Drew Dickson stacks four cycles (1840s UK railroads, 1870s US railroads, 1920s RCA, 1990s internet) and the drawdown receipts are unimpeachable: RCA -98% in three years, Cisco -90%, Amazon -95%, the entire Nasdaq -78%. The fresher data point is structural, not historical: the VanEck Semiconductor ETF moves $3B a day in flows, equal to the entire daily volume of the French stock market. The actionable read is not bull-versus-bear; it is that operational AI capability and AI equity prices are about to decouple for 12-24 months, and the buy list worth writing today is the application-layer companies positioned to inherit stranded compute at 20 cents on the dollar in 2029.

Financial Times 2026-05-04-2

Hedge funds seek an edge by using AI's speed

AIMA's $788bn hedge fund survey shows 95% AI adoption against under 5% using it for portfolio optimization; that gap is not a maturity curve, it is the verification ceiling in a fiduciary domain. Sand Grove's Caplan frames the judgment layer above AI as permanent, even in the long term, and Anaconda and Pharo confirm the same pattern: AI for documents and back office, never for security selection. The next decade of enterprise AI value capture sits in the scoring infrastructure that lets a CRO sign off on broader scope, not in a better model.

Futurism 2026-05-04-3

The Economics of Using AI to Churn Out Code Are Looking Worse Than Ever

Anthropic doubling its own published Claude Code cost estimate while GitHub Copilot moves to usage-based billing in the same week is the public marker of subsidy-end, not a verdict on AI coding value.
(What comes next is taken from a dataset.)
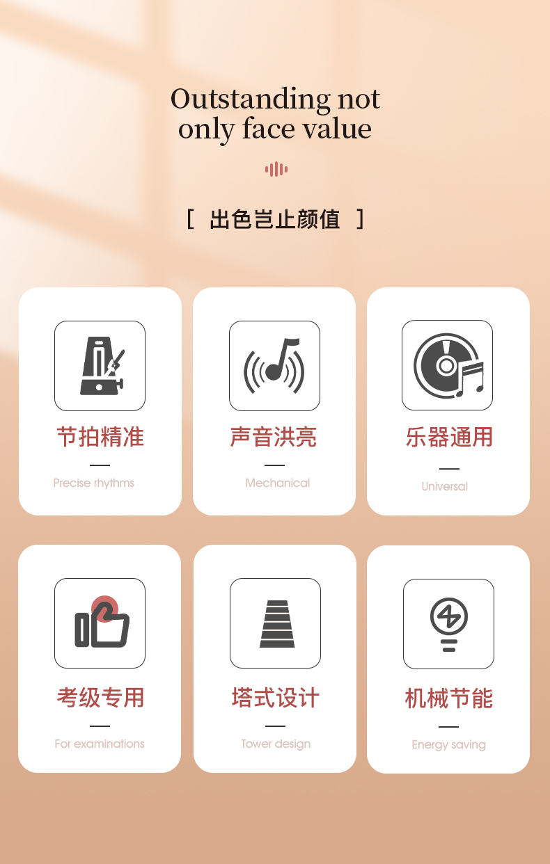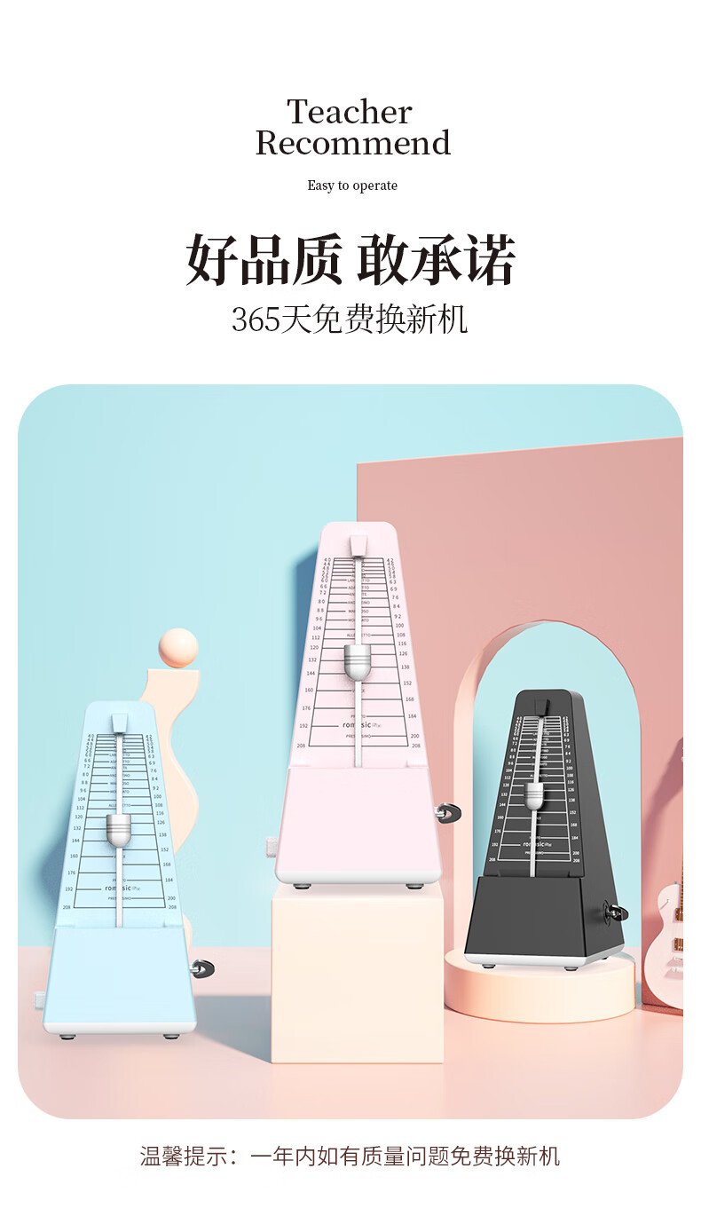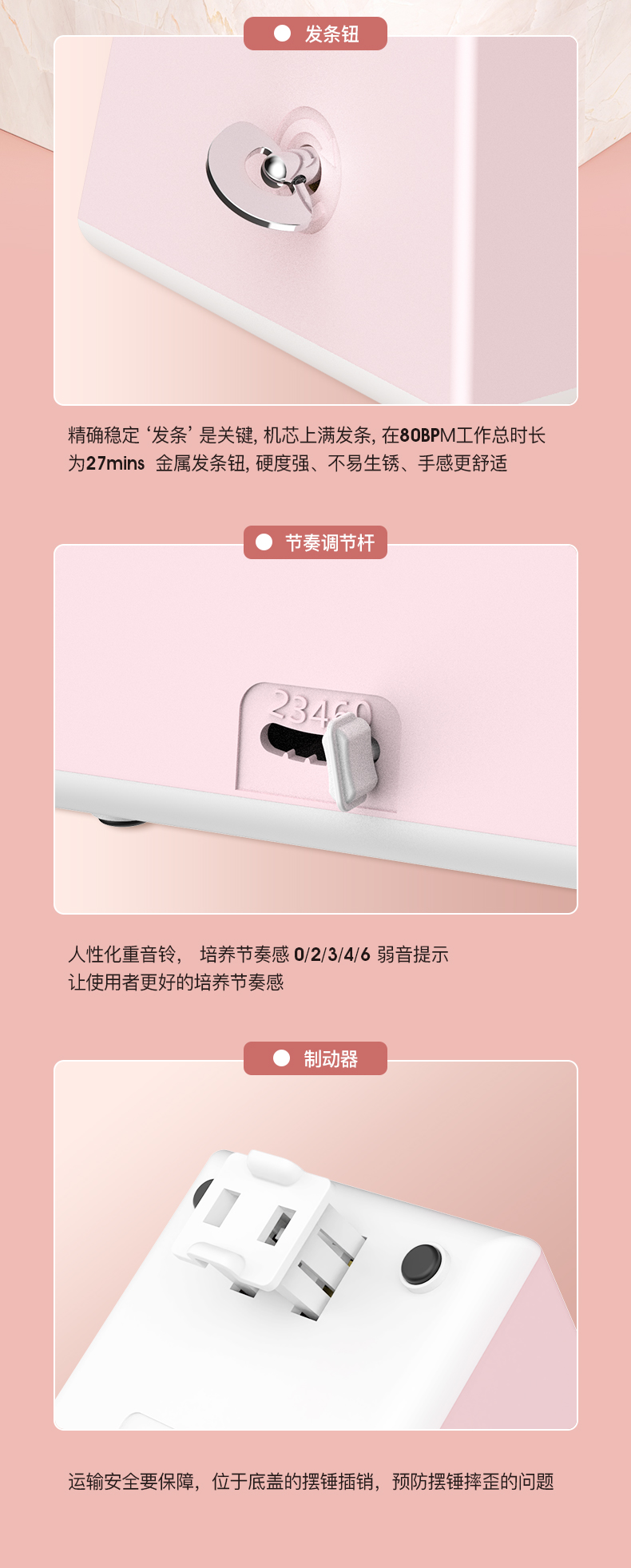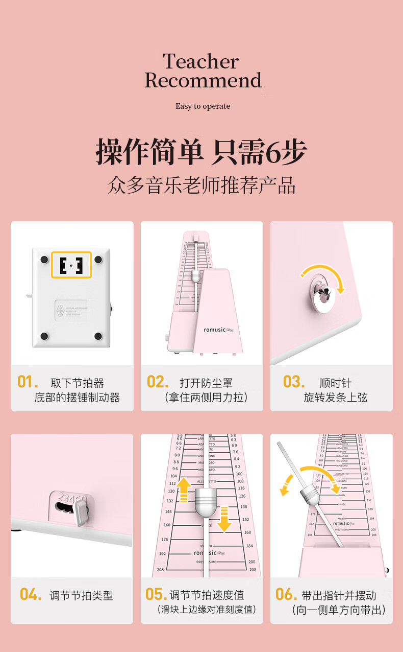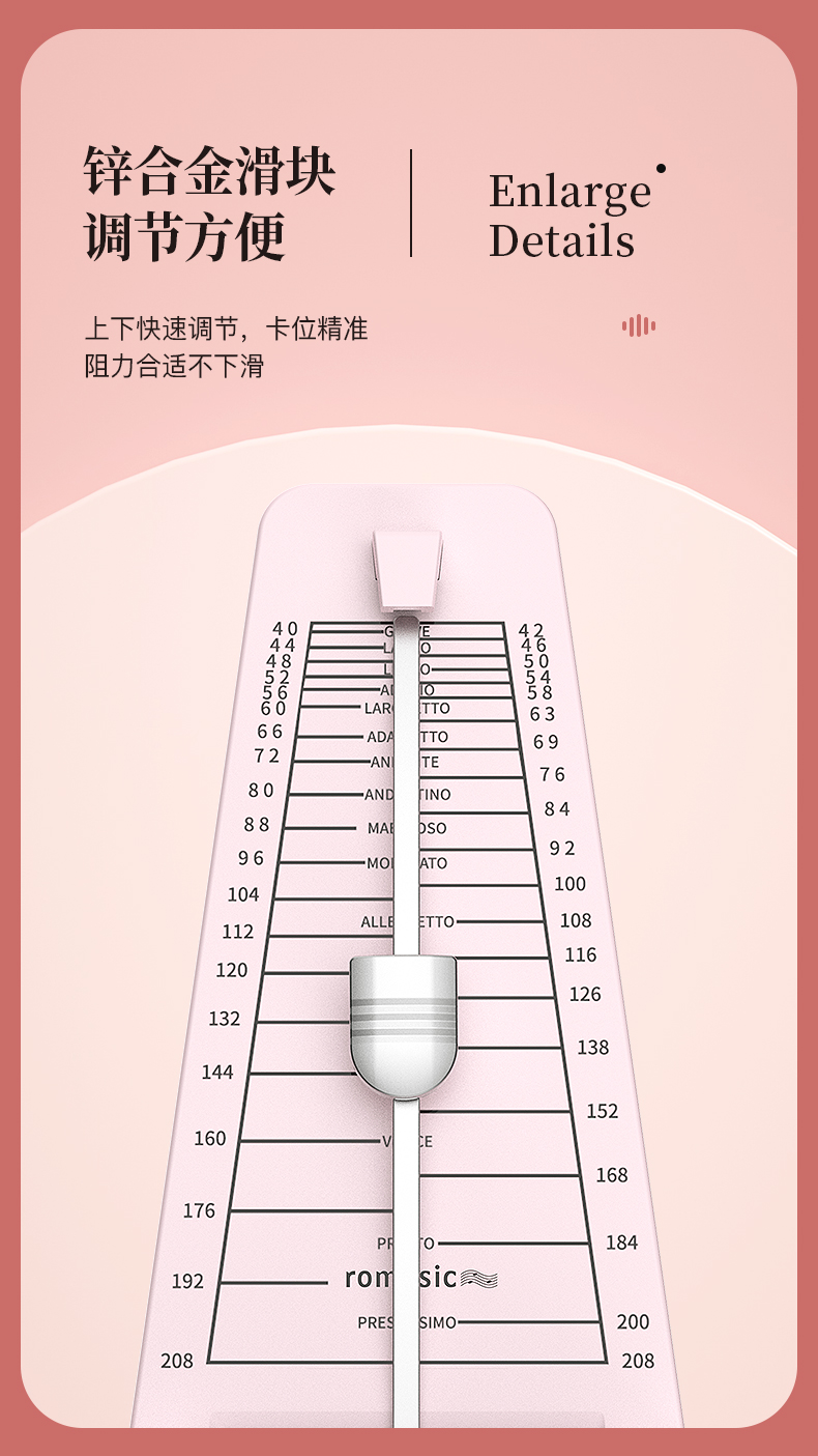 romusic机械节拍器 钢琴小提琴吉他古筝调音器通用节奏节拍器 R-750粉色
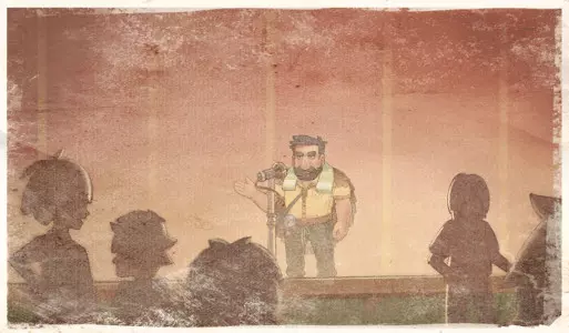 孩子,又见面了——嗯?你找到的那东西,是我以前的老照片,对吧?真没想到!我的老照片竟然还散落在某个地方!能把它给我吗? 啊哈!这张照片是在小齐克刚到沙石镇的时候拍的。那时他还是个小不点,谁能想到他后来会长这么高呢? 我们是在沙漠里发现他的,当时我们去尤弗拉北部地区搭建草方格,他和他的族人走散了。我们本来打算帮他找到亲人,但沙漠却另有安排…… 于是,我和玛莎就把他当成自己的孩子抚养。教他这片土地的生存之道。我的妻子……她为他感到非常骄傲。我想,对她来说,他甚至比绿洲还要珍贵。 这是一段珍贵的回忆,谢谢你找到了它,年轻的建造师。我想……既然外面可能还有更多我的照片,如果你碰巧发现了,能不能带给我?那样的话,无论生死,我都会是一只快乐的苍蝇。 故事 ~ 沙石镇的“淘金热”时代

Futurism reads the marker as failure; operators should read it as pricing normalization, with the residual mispricing now sitting in equity narratives that still model lab revenue as if flat-rate inference subsidy persists. The mainstream-press leak is itself the signal: the bear thesis is on a four-to-eight week lag from primary sources, and what arrives at Futurism is what gets repriced next.